Одним из наиболее очевидных свидетельств реакции агиографической традиции на внерелигиозный социальный и культурный контекст является формирование агиографической практики репрезентации святого-короля, получившей широкое распространение сначала в меровингской Галлии, а затем, по мере христианизации, в периферийных регионах латинской Европы. Актуализированная в королевской А.и тема власти и происхождения, их статуса в системе христианских ценностей так или иначе пронизывает всю средневековую. А.ю. В частности, исследователи усматривают влияние дохристианских представлений о власти в факте доминирования фигуры т.н. «знатного святого» в раннесредневековой А.и. Интегрирующие функции носителя власти и его стихийная сакрализация проявляются и в агиографическом образе святого епископа, выполняющего роль своего рода символа самоидентификации того или иного сообщества. Влияние аристократических ценностей средневекового общества можно обнаружить и в значимости топоса благородного происхождения, перерастающего в агиографический мотив добровольного отказа от власти и могущества. Необходимо отметить, однако, что традиционные и вообще светские этические концепты не включались в ткань агиографического текста автоматически, но подвергались более или менее осознанной интерпретации в категориях религиозного дискурса.

В целом к X в. сложилась достаточно устойчивая система правил написания агиографических текстов, включающая стабильный набор тем, топосов, риторических приемов, концептуальных построений и типических моделей святых. Наряду с собственно житием, формируются особые типы агиографических повествований - рассказы о чудесах святых и перенесении их останков (miracula и translationes). Как и жития, эти сочинения сопровождали процедуру формального учреждения культа и способствовали его пропаганде и укоренению. Из центральных регионов латинской Европы (Италия, франкские земли) единые принципы идеологического и риторического моделирования образа святого распространялись и на ее периферию. В частности, римско-франкская модель в течение VIII- IX вв. вытеснила в англосаксонской Британии предшествовавшую агиографическую традицию, которая находилась под влиянием восточно-христианской А.и и оперировала предлагаемыми той моделями монашеской аскезы и харизматической святости. В этот период сложились и характерные для средневековья региональные особенности А.и. В средиземноморской Европе наиболее распространенным становится агиографический тип святого аскета и харизматика, в заальпийских регионах - тип святого подвижника, наделенного властными функциями.
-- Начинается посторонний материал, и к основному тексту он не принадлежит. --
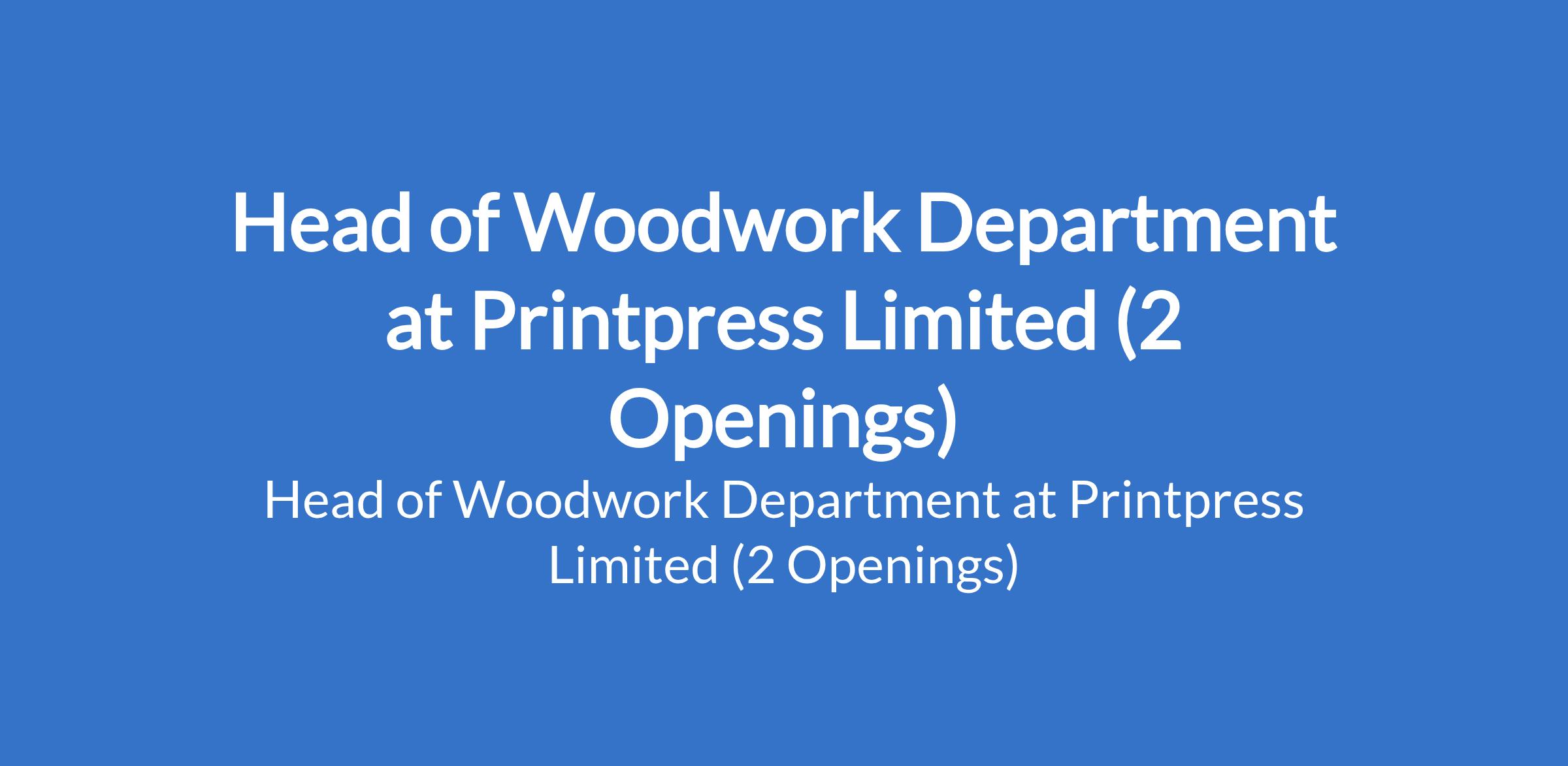Printpress Limited is recruiting to fill the position of: Head of Woodwork Department. The position is located in Ibeju Lekki, Lagos and Rivers States. Salary: N120,000 - N150,000 monthly. The ideal candidate should be versatile, detail-oriented, and capable of managing a small team within the department. Interested candidates should possess a minimum of an SSCE qualification; higher qualifications are an advantage, with 35 years of experience in woodworking or carpentry; technical certification or vocational training in carpentry/woodwork is preferred.
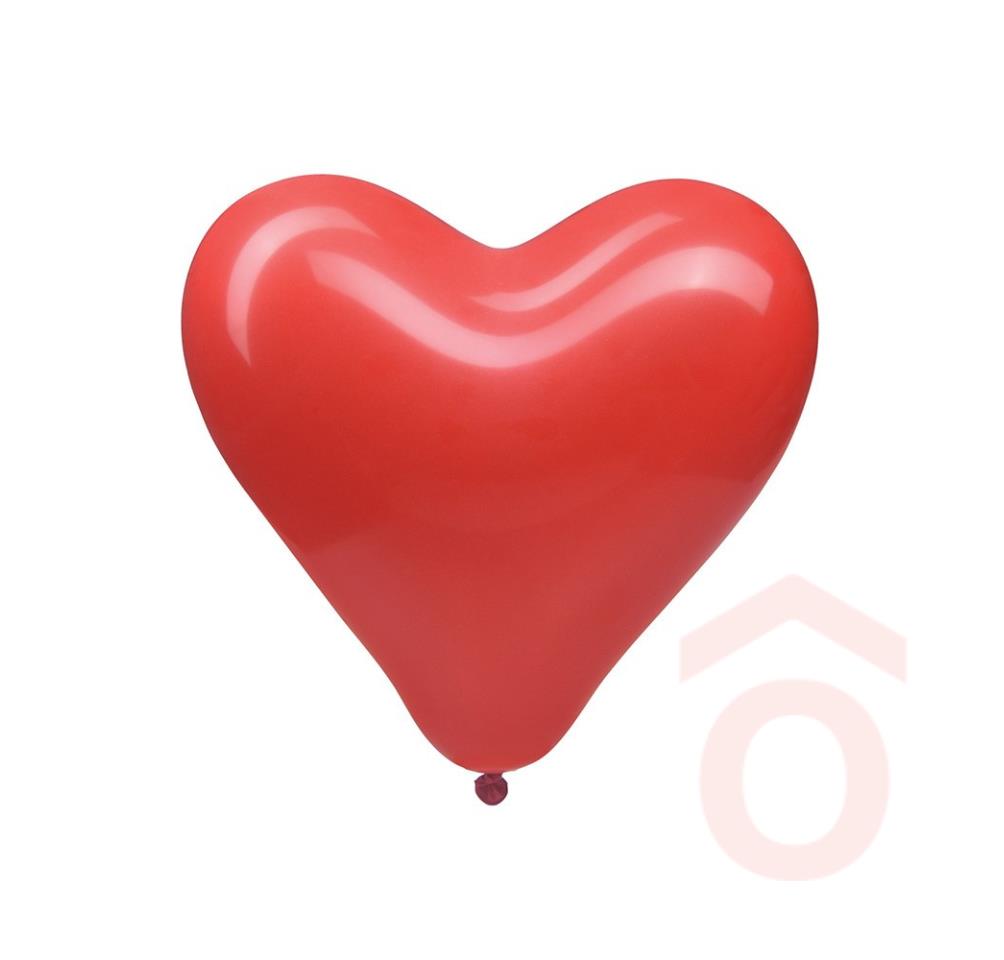 Szív alakú, piros lufi. Levegővel vagy héliummal való feltöltésre alkalmas

В северной Европе англосаксонская и позже скандинавская А.я широко испол ьзовала темы и образы традиционной германской мифологии; влияние местной литературной традиции было особенно велико в сочинениях, написанных на народных языках.

При всей устойчивости моделей святости и риторических приемов, А.я высокого и позднего средневековья отразила важнейшие сдвиги в сфере религиозного сознания и духовной жизни. Они нашли выражение как в появлении новых типов святых и концепций святости, так и во включении новых мотивов в рамки репрезентации традиционных агиографических моделей (такие смысловые сдвиги особенно заметны в циклах текстов, посвященных одному святому, создаваемых на протяжении столетий). Среди значительных новшеств высокого средневековья можно отметить возникновение в клюнийской А.и X в. образа святого мирянина, святость которого допускала его пребывание в миру, однако описывалась через систему традиционных добродетелей монашеской аскезы (житие графа Геральда из Орийяка, написанное Одоном Клюнийским). Эпоха григорианской реформы приносит ряд других существенных изменений. Во-первых, актуализируется тема мученичества, которое в образе епископа Кентерберийского Фомы Бекета приобретает смысл мученической гибели за церковную реформу в противостоянии произволу светского владыки. Во-вторых, впервые в рамках агиографических текстов, пока только королевской А.и, разрабатывается возможность уподобления религиозному служению собственно мирской деятельности (вданном случае -деятельности правителя, Карла Великого, Кнута Лаврда и др.). В-третьих, под влиянием цистерцианской реформы усиливается «психологизм» репрезентации образа святого, фокус изображения с дел и достоинств святого переносится на характеристику его интенций. Более динамичной становится и картина пути становления святого; изначальная заданность его специфических качеств сменяется попыткой представить святость как результат личных усилий.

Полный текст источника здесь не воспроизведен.